[YOUR ASSIGNMENT] From top to bottom, return the listing exactly as it appears, omitting its images.

[SUPPLIED INFORMATION]
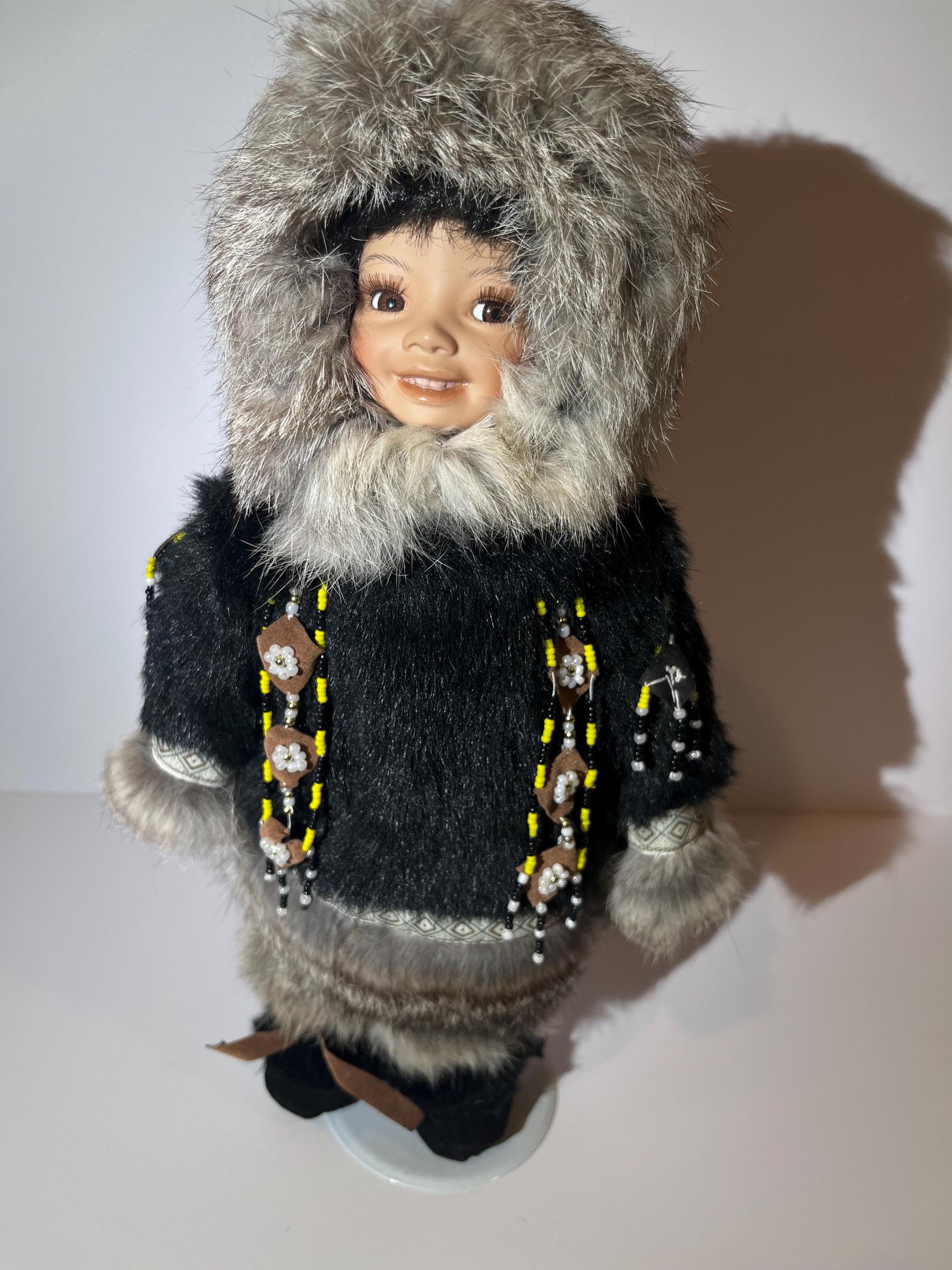 This is a beautiful Alaskan Friends porcelain doll (porcelain hands, face, and feet) dressed is traditional Eskimo fur clothing. Very lifelike, handcrafted by skilled artisans. Approx. 14 inches tall.
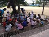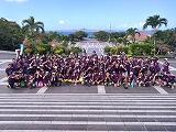 海洋博公園では昼食をとり、美ら海水族館を見学しました。「サメ」「ジンベイザメ」大きな魚を見て大興奮!でも、1番人気は「チンアナゴ」でした。その後、自由時間。イルカショー途中でにわか雨が降ってきて、びしょ濡れになったたくさんの子供達。
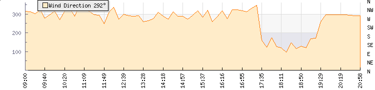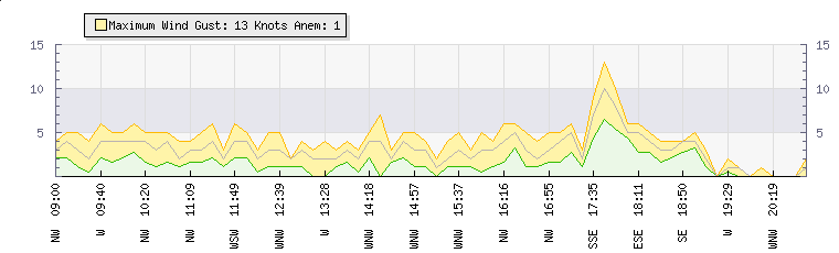 In the last few minutes the wind was West North West at an average speed of 0 knots, reaching up to 0 knots and a low of 0 knots. The gust strength is0 knots above the minimum speed |

[REPLY TO THE EXERCISE]
 This is a beautiful Alaskan Friends porcelain doll (porcelain hands, face, and feet) dressed is traditional Eskimo fur clothing. Very lifelike, handcrafted by skilled artisans. Approx. 14 inches tall.
 海洋博公園では昼食をとり、美ら海水族館を見学しました。「サメ」「ジンベイザメ」大きな魚を見て大興奮!でも、1番人気は「チンアナゴ」でした。その後、自由時間。イルカショー途中でにわか雨が降ってきて、びしょ濡れになったたくさんの子供達。
 In the last few minutes the wind was West North West at an average speed of 0 knots, reaching up to 0 knots and a low of 0 knots. The gust strength is0 knots above the minimum speed |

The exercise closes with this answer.